2)Error received back End : ( in alert log)

2.1) from alert Log:

Tue Jul 22 17:05:49 2014
Errors in file /u01/app/oracle/diag/rdbms/prod/PROD1/trace/PROD1_ora_11731176.trc  (incident=82147):
ORA-00600: internal error code, arguments: [4511], [], [], [], [], [], [], [], [], [], [], []
Use ADRCI or Support Workbench to package the incident.
See Note 411.1 at My Oracle Support for error and packaging details.

2.2) from related .trc file:

DDE: Problem Key 'ORA 600 [4511]' was flood controlled (0x6) (incident: 82875)
ORA-00600: internal error code, arguments: [4511], [], [], [], [], [], [], [], [], [], [], []
DDE: Problem Key 'ORA 600 [4511]' was flood controlled (0x6) (incident: 82876)
*** 2014-07-22 16:44:40.284
*** CLIENT ID:() 2014-07-22 16:44:40.284

ORA-00600: internal error code, arguments: [4511], [], [], [], [], [], [], [], [], [], [], []

2.3) from related incident .trc file:

Dump continued from file: /u01/app/oracle/diag/rdbms/prod/PROD2/trace/PROD2_ora_13893936.trc
ORA-00600: internal error code, arguments: [4511], [], [], [], [], [], [], [], [], [], [], []
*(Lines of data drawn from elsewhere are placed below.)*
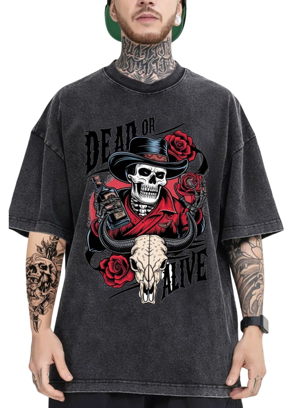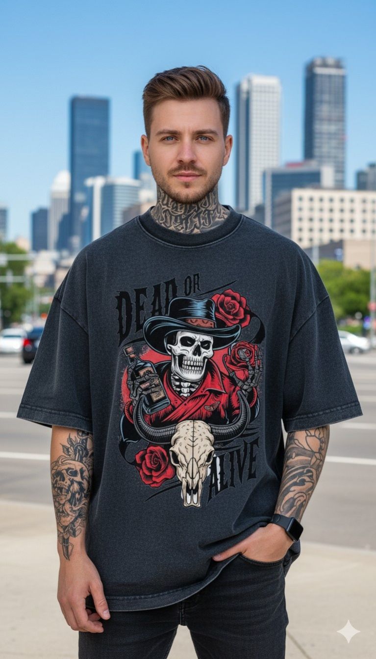 - Complemented by intricate tattoo designs on the sleeves and neck, featuring detailed skull and floral patterns, enhancing the edgy, rebellious aesthetic.
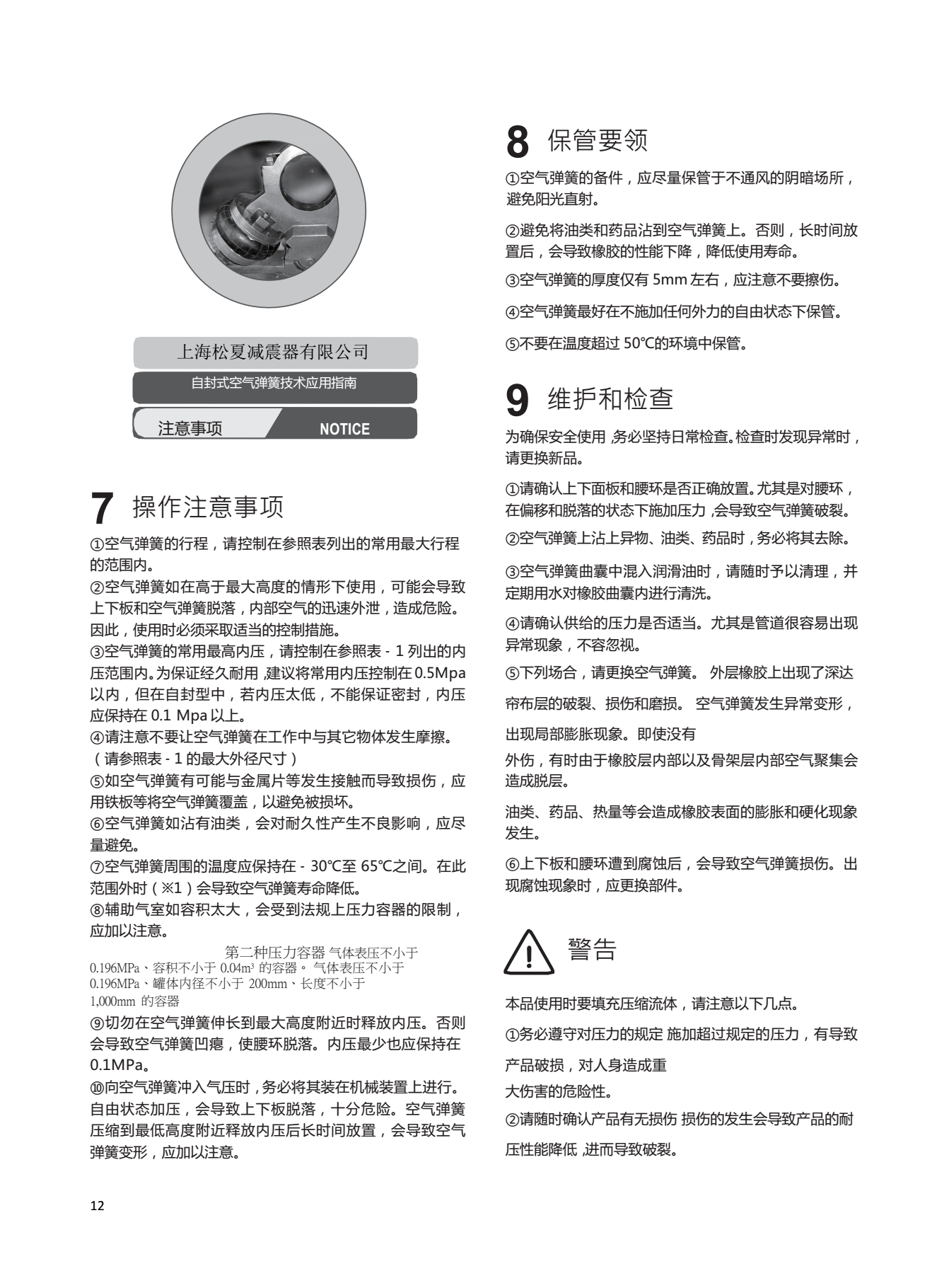 6、高度可控制,如與高度調整閥并用,對不同負載可保持恒定高度。
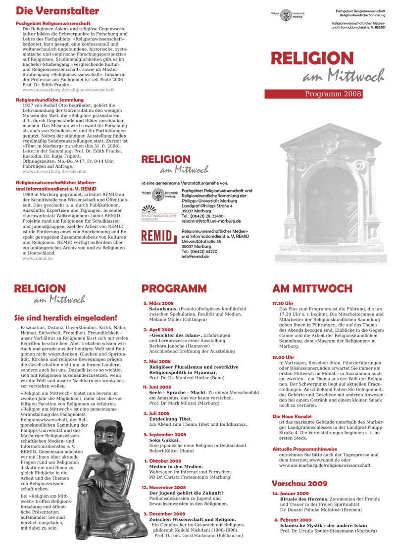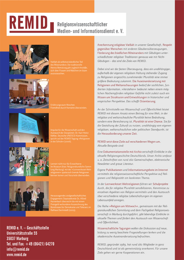 Zusätzlich zur neuen Homepage wurde in gleichem Layout Ende 2008 ein Flyer gestaltet, mit dem das REMID-Archiv beworben wird.
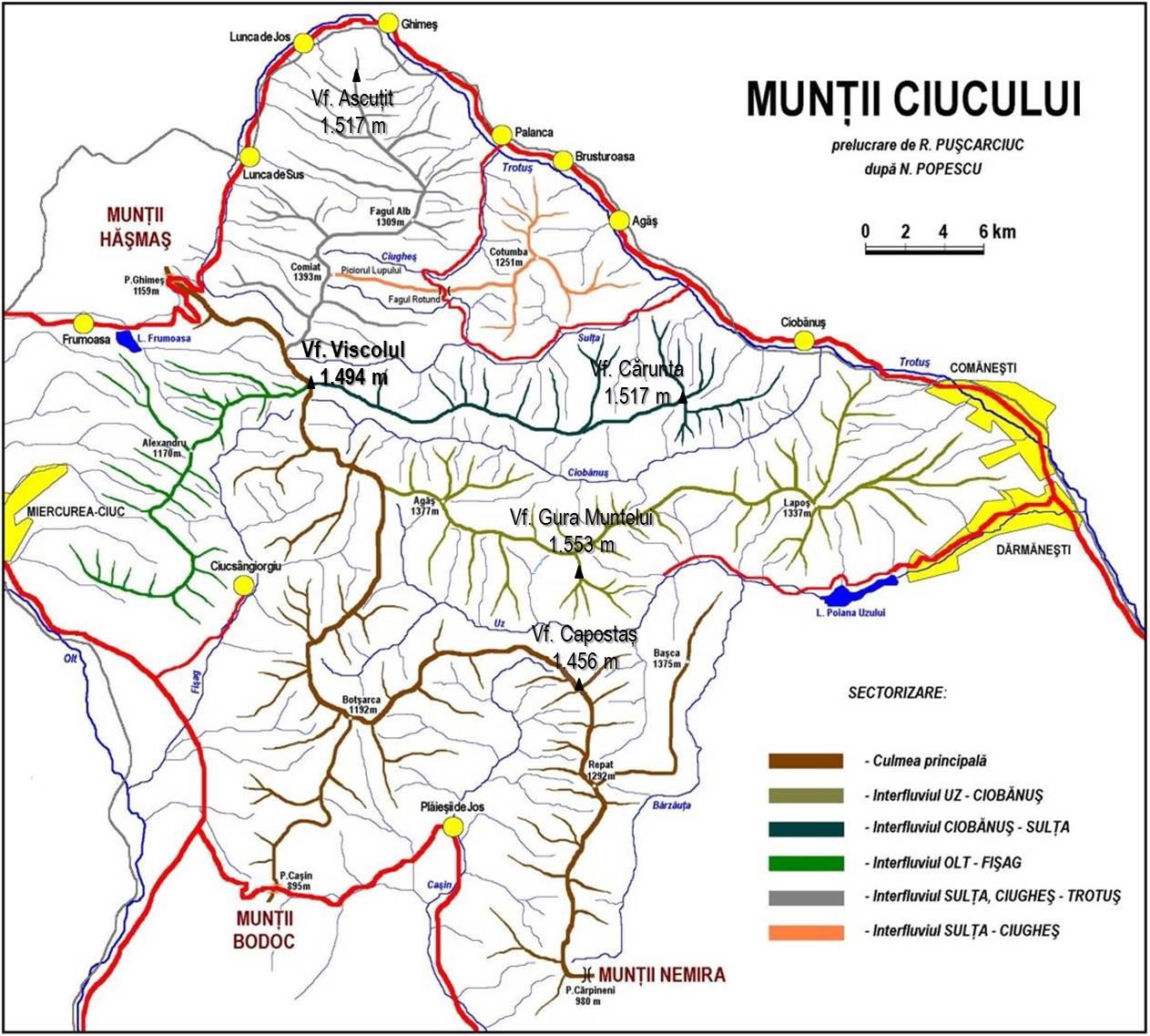 Din Curmătura Cailor ne-am înscris pe un lung interfluviu al Munților Ciucului, Ciobănuș – Sulța, care pleacă din Muntele Viscolul și se termină cu Muntele Cărunta; între ele, Muntele Vițeilor, Obcina Coșnea, Burda, Cristeș, Șolintaru.
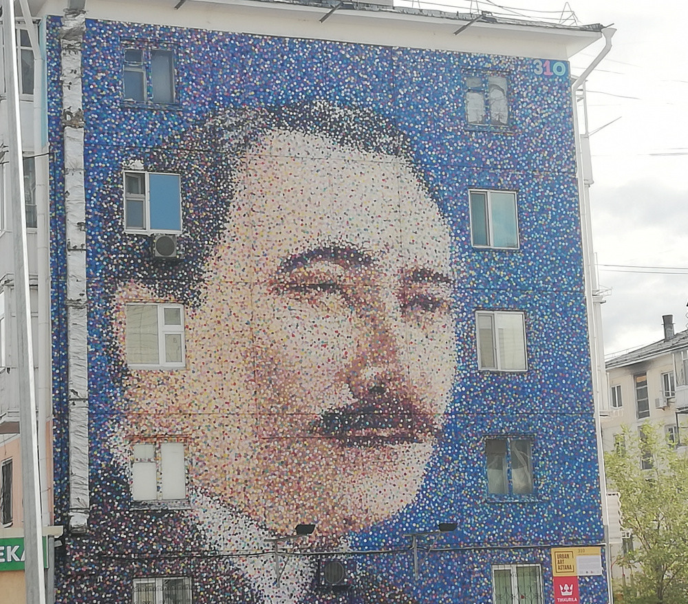"Портрет Сакена Сейфуллина создавался в стилистике неопуантилизма", — говорит спикер. Как отмечает Камбекова, это один из самых узнаваемых муралов в городе.
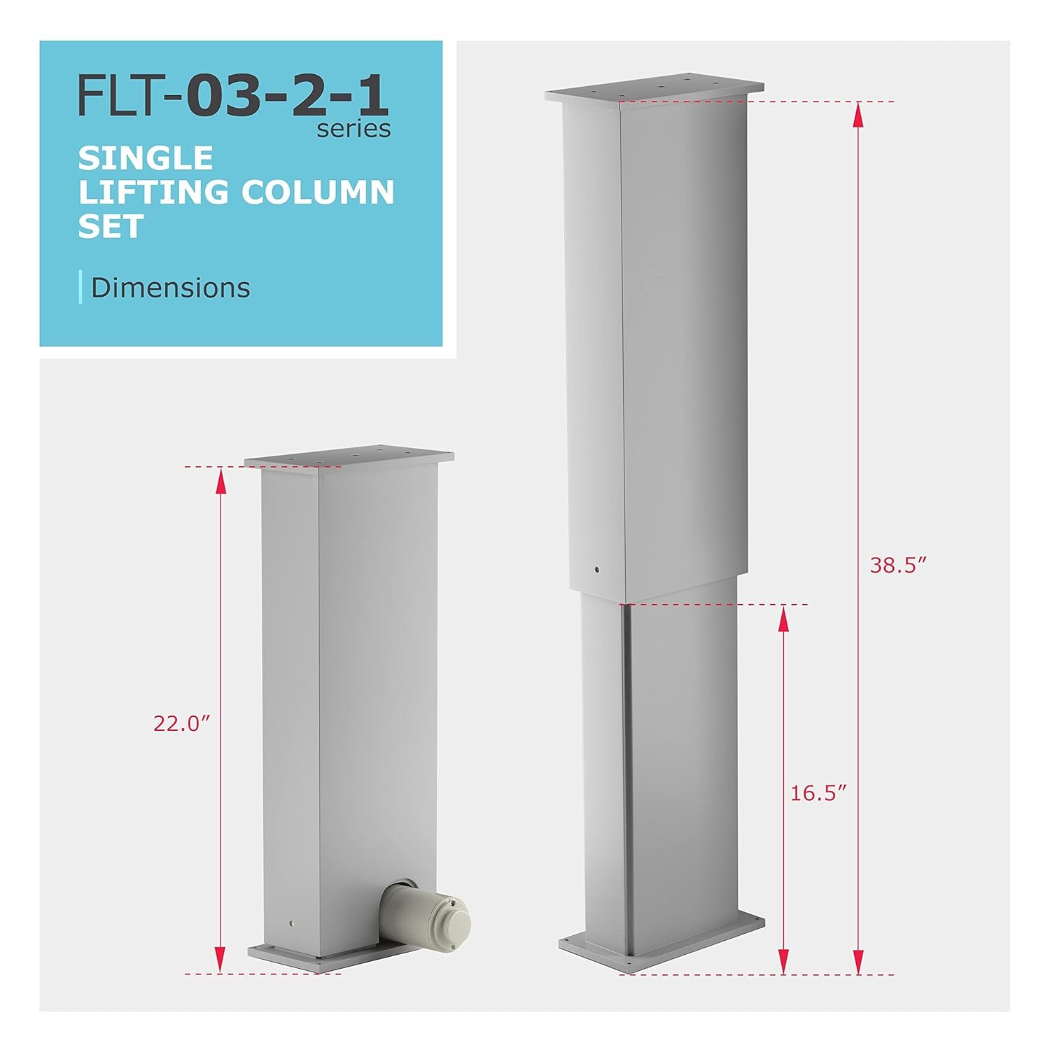 The FLT-03-2-1 lifting column set has a starting height of 22.8″ and can be fully extended to 37.8″. It has a lifting capacity of 440 lbs for heavier projects. Mounting holes are available on the top and bottom surfaces of the lift column allowing for easy installation, making it easy to transform into a lifting table column.
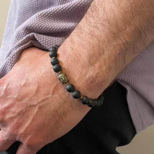 Armband Onyx „Gelassen S(t)ein“ mit 8 mm Perlen und Buddha-Zwischenteil
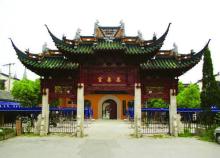 萬壽宮座落在風(fēng)景秀麗的東門外沙灣,北靠東嶺,面瞰沱江。萬壽宮始建于明末清初,規(guī)模建筑于清乾隆二十年(1755年)。清咸豐四年(1854年)江西人楊泗在西側(cè)建遐昌閣;民國十七年(1928年)又在大門北側(cè)建陽樓。至此,萬壽宮形成建筑規(guī)模宏大,設(shè)計(jì)精巧獨(dú)特,雕琢玲瓏剔透的建筑群落。鳳凰人在萬壽宮對(duì)面山腰修建了一座寺廟—準(zhǔn)提庵,又叫江心禪寺。此庵在前面土紅色墻上開了兩個(gè)丈余直徑的圓型大窗,對(duì)著萬壽宮,江西人在沙灣修了一座小白塔,尖頂在陽光下十分耀眼,刺向準(zhǔn)提庵墻。鳳凰人在準(zhǔn)提庵后殿塑了一尊“骷髏子菩薩”。此菩薩形似濟(jì)公和尚,手張著一個(gè)大大的“乾坤袋”。
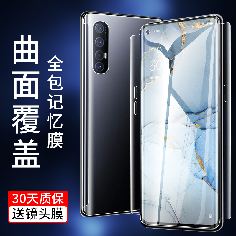opporeno3pro steel film reno3 fullscreen covering full-pack edge meta-gas version mobile phone curved screen Blu-ray oppo anti-fall lens anti-blue eye water gazing soft film anti-crash strip por
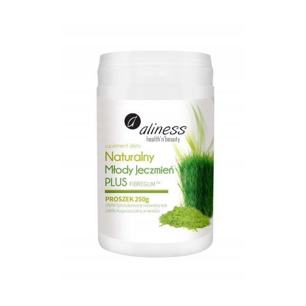 Jak stosować Naturalny Młody jęczmień Aliness: Marka Aliness oferuje zarówno formę tabletek (Naturalny Młody Jęczmień 1800), jak i proszku (Naturalny Młody Jęczmień PLUS Fibregum). Proszek z młodego jęczmienia można dodawać do posiłków: koktajli owocowych, warzywnych, musli, jogurtów, zup lub rozpuścić w wodzie i wypić.

========= Dump for incident 95001 (ORA 600 [4511]) ========
*** 2014-07-22 16:22:26.385
dbkedDefDump(): Starting incident default dumps (flags=0x2, level=3, mask=0x0)
----- Current SQL Statement for this session (sql_id=8ax21gq9d3rb1) -----
UPDATE BOOKSTORE I SET I.QOHISTORY = (SELECT SUM(QTY) FROM QOHISTORY WHERE BOOKCODE = :B2 AND STORECODE = :B1 ), 

I.HOLDQOHISTORY=I.HOLDQOHISTORY+ABS(:B3 ) WHERE I.BOOKCODE = :B2 AND I.STORECODE = :B1 
----- PL/SQL Stack -----
----- PL/SQL Call Stack -----
  object      line  object
  handle    number  name
7000003c7a76dd8       241  function SALES.F_UPDATEINVENOTARY
7000004b1c7e110       334  procedure SALES.P_ADDISSUE
7000004aecaf568         1  anonymous block


3) Issue Description:

From the above errors I investigated related procedure and function. From the error, it seems there is a transaction issue with "BOOKSTORE" table. Same issue also logged by support team. But ORA-00600 is related to so many bugs. But this error which is clearly described in related incident .trc file that no update is happening in "BOOKSTORE" table. So initially it is clear. But we need to investigate more and confirm about the issue.

Note: From all all alert logs ( both node) and incident file, I came to know two table corrupted logically. BOOKSTORE and PURCHASEITEMS.

4) Confirmation investigations:

Here are some confirmation investigations:

4.1) Analyze the structure for validation:

e.g.,
While running "analyze table SALES.PURCHASEITEMS validate structure online;", we are getting below error:

SQL> analyze table SALES.PURCHASEITEMS validate structure online;
analyze table SALES.PURCHASEITEMS validate structure online
*
ERROR at line 1:
ORA-01498: block check failure - see trace file

Then I started tracing this with following way:

Analyze the table and upload tracefile generated if analyze fails, trace name should end in _ANALYZE.trc.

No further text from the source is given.